Le système d’Auto-Inducteur-1 (AI-1)

Les AcylHomosérines Lactones (AHL) constituent la principale classe d’auto- inducteurs utilisés par les bactéries à Gram négatif (protéobactèries) pour la communication intra-espèce. Les AHL sont constituées d’une HomoSérine Lactone sur laquelle est fixée par liaison amide une chaine carbonée allant de 4 à 18 carbones de longueur (Fuqua et al., 2001).
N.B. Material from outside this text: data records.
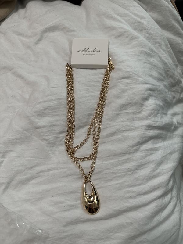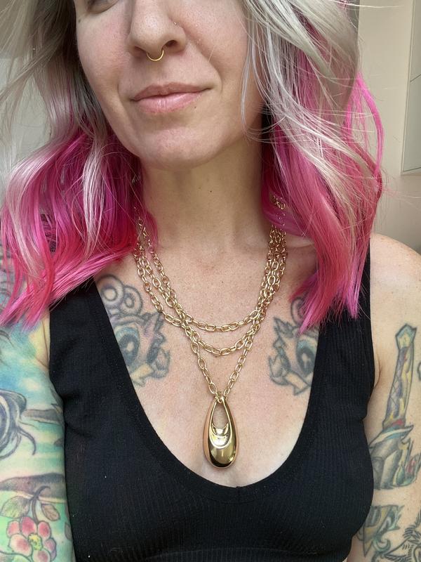 I love this necklace! This piece is so cute and unique compared to my other jewelry. I love the layering and the large pendent. It's lightweight and comfortable to wear. Definitely recommend!
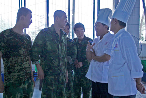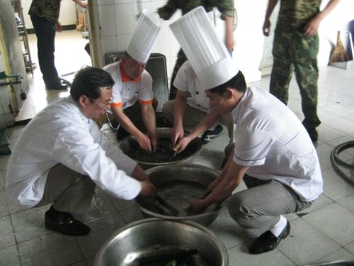 对于中国烹饪协会抗震救援队远赴灾区的义举,部队领导给予了高度的评价,表示感谢和欢迎。根据原料情况,救援队当晚烹制的菜品有宫保肉丁、炝炒元白菜、香菇苦瓜等。烹制过程中,救援队还与部队炊事兵进行了技艺交流。
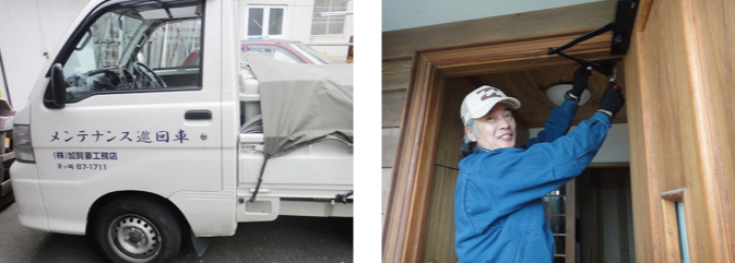 加賀妻では、家をずっと守って行く「家守り」という姿勢を持っています。工務店として必要不可欠な役割だと認識しています。 引き渡し後、半年・1年は工事を担当した監督、3年・5年・10年 ・15年・20年は専属のアフターメンテ担当社員が家守りシートにて点検を行います。不具合やメンテナンスやリフームのご相談も承っております。1年目、10年目は担当大工も同行します。
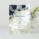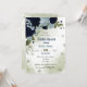 romantic navy and dusty blue flowers and green leaves botanical bridal shower invitation

Ces chaines latérales peuvent présenter des modifications en position C3, ou des doubles liaisons (Figure 14).

Figure 14: Schéma représentant la structure de base des AHL où R correspond à la chaîne latérale variable.
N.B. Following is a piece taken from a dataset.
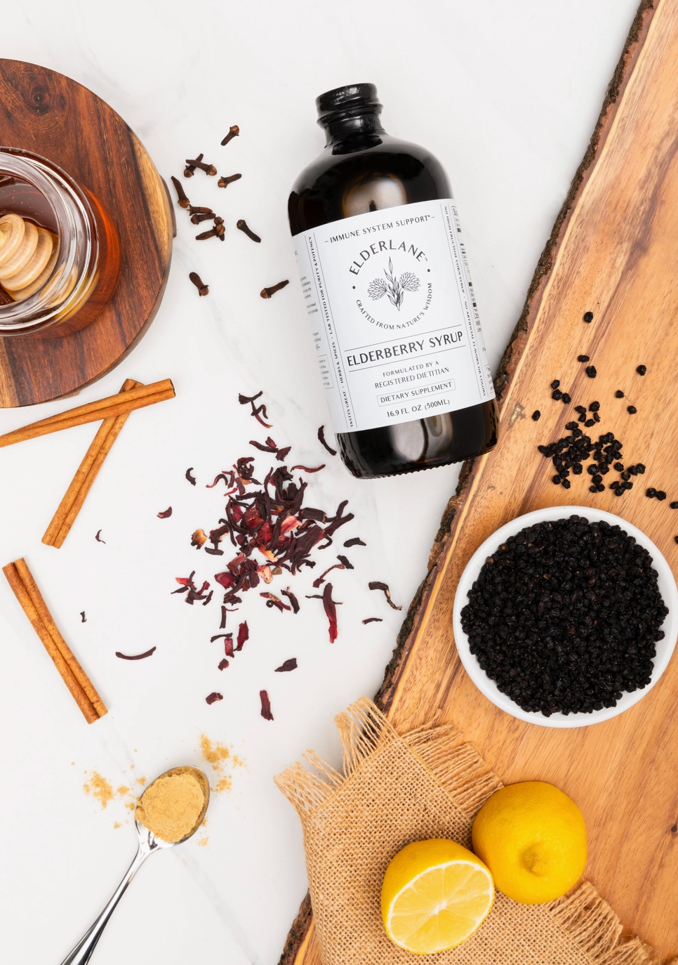 INGREDIENTS: ORGANIC ELDERBERRIES, HONEY, GINGER, CINNAMON, CLOVES, HIBISCUS, LEMON JUICE

La première AHL et son mode d’action ont été décrits chez Vibrio fisheri, une bactérie bioluminescente qui colonise l’organe luminescent du calmar sépiolode hawaiien Euprymna

scolopes (Ruby, 1996). L’environnement au sein de l’organe luminescent permet à la bactérie

de croitre et donc d’augmenter sa densité. Une fois le seuil de population atteint, le QS se met en place, permettant l’expression de l’opéron de la luciférase. Le calmar hôte utilise la lumière produite par la bactérie pour s’illuminer, ce qui constitue une stratégie contre les prédateurs effrayés par la lumière (Ruby, 1996). Afin d’expliquer le mécanisme de communication dépendant des AHL, Vibrio fischeri nous servira de modèle.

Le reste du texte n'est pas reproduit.